Для Б. Ахмадулиной же всякое стихотворение обретает бытие лишь на выходе из немоты: «ждет насыщенья звуком немота» [Ахмадулина, 2014, а 55], «я из безмолвья вызволяю слово» («Воскресный день» [Ахмадулина, 2014, с. 56]). Немота / безмолвье в координатах лирики Б. Ахмадулиной - аналог потусторонности; поэтому закономерно, что «речь так спешит в молчанье не погибнуть, / свершить звукорожденье и затем / забыть меня навеки и покинуть» («Воскресный день» [Ахмадулина, 2014, с. 56]). Как справедливо отмечает Н. А. Фатеева (иллюстрируя тезис как раз примером из стихотворения Б. Ахмадулиной), «процесс написания стиха по своей сути оказывается перформативным» [Цветаева, 1994, а 7] - и неизбежно сопряжен с репрезентацией того артикуляционного усилия, которым создается художественное высказывание. Метапоэтическая сосредоточенность стиха на собственном «рождении» и, как следствие, сближение поэзии с филологией - магистральная линия развития поэзии в XX веке (на эту черту как на одну из важнейших тенденций развития лирики ХХ века специально указывает в своей монографии Л. Зубова [Зубова, 2000]), и творчество Б. Ахмадулиной не является исключением.
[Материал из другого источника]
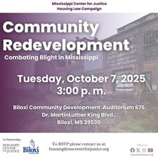Join us as we present information to community-based nonprofits and municipalities about the direct legal services the Mississippi Center for Justice provides to support Community Redevelopment throughout Mississippi.

Однако мир Б. Ахмадулиной наполнен, конечно, не только звуками речи. Среди акустических объектов лирики - звуки окружающей среды и слышимый пласт культуры (музыка, пение, грампластинки). По верному замечанию И. Захариевой, «отношение к слову, как к звучащей субстанции, предопределяет метафорический пласт языка музыки как устойчивой системы аналогий в лирике Ахмадулиной» [Захариева, 2010, с. 8]. Остановимся на структуре акустического мира поэта более подробно.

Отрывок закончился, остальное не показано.